I stumbled across this film by perusing through pre-ordered films on iTunes. The trailer intrigued me, enticing me with its mystery surrounding a conflicted bride possibly marrying the wrong man. I'm a romantic, so this immediately drew me in. The plot line has to the major aspect that I wish to watch a film, but the edge of the film, the way the mood and emotion is splattered across the scene sealed the deal. There are few movies that I tell myself I need to see, but this was one I really needed to see. I was quite disappointed that the film gained poor reviews due to a lack of superior dialogue, slow plot, and overall theme. I understood that it's a British film, so the audience may not necessarily be garnered towards American viewers, so I was rather ambivalent. Ten minutes in the movie, I was already pleasantly surprised how much I liked it. It had a way of drawing on nostalgia and possible do-overs in life that makes the viewers wonder what choice the protagonist will take. This is the major emotional involvement throughout the film: marry a suitable bachelor that fits everything her mother had pictured for her life or run away with the man she truly loves. I assure you, it's not quite as cliche as it sounds.

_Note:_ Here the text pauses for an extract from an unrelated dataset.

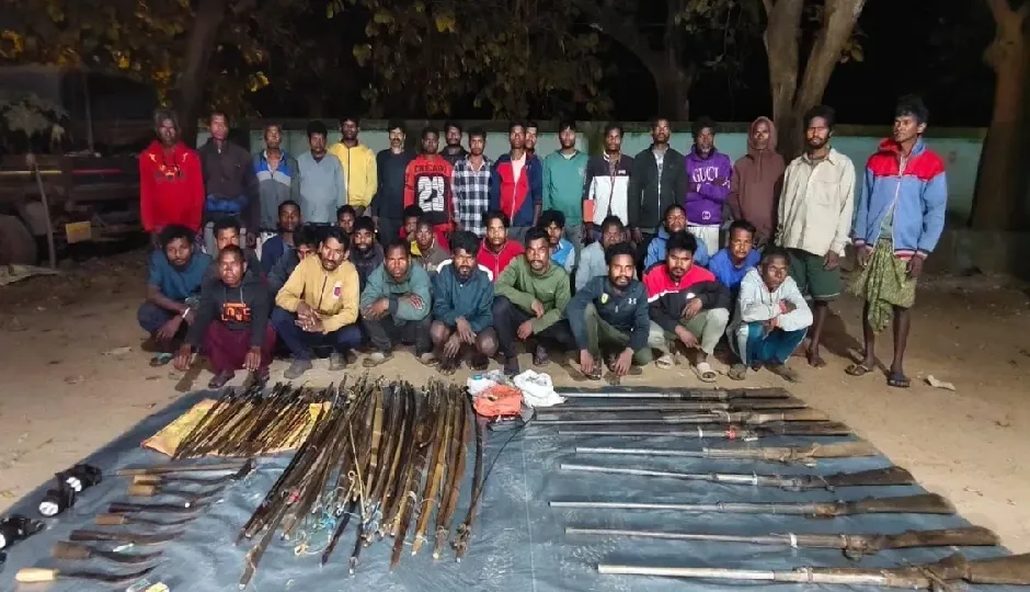 indiatv की खबर के अनुसार, गिरफ्तार शिकारियों के पास से भारी मात्रा में हथियार और विस्फोटक सामग्री मिली। जब्त किए गए सामान में 9 देसी बंदूकें, 20 धनुष, कई धारदार हथियार, विस्फोटक और शिकार में इस्तेमाल होने वाले उपकरण शामिल थे। इससे साफ है कि जंगल में बड़े पैमाने पर शिकार की योजना बनाई गई थी।

Refraining from spoiling the plot, I must say that the main plot takes place in one day during the winter with various flashbacks taking place the past summer. I must take this time to point out the aesthetics and cinematography. The color scheme between the two seasons is so obvious that it's done in an exceptionally tasteful manner. Winter is cool blues, whites, dark pastels, and solid prints, whereas summer is bright greens, warm yellows, reds, and floral prints. Winter is seen as gloomy, cold, sad, and mundane. Summer, however, is perceived as an adventurous, exciting, frivolous, exciting, and fun. Even the costumes and dispositions differentiate between the seasons as well. Winter has subdued hues, restrained affection, and restrained. Summer is all about bright pops of color, poignant emotion, and a profound sense of liberty. As the film in set in 1930s England, the costumes were remarkable. Winter fashion surrounds around posh, classy, lush and delicate details, soft features, and a sublime touch of minimalism. Summer vogue consists of fun prints, light materials, bold designs, and lax posh comportment. The aesthetics is done so tastefully, mastered in such a subtle manner, that it appears intentional but so obvious that it's overlooked. This film has captured my heart and has easily become one of my favorite movies. Perhaps it's that, coupled with Felicity Jones as the female protagonist (from Like Crazy) and Luke Treadaway as the man whom she loves. Two superb actors putting a remarkable portrayal of love and heartache. If that's not enough, Elizabeth McGovern from Downton Abbey stars as Felicity's mother.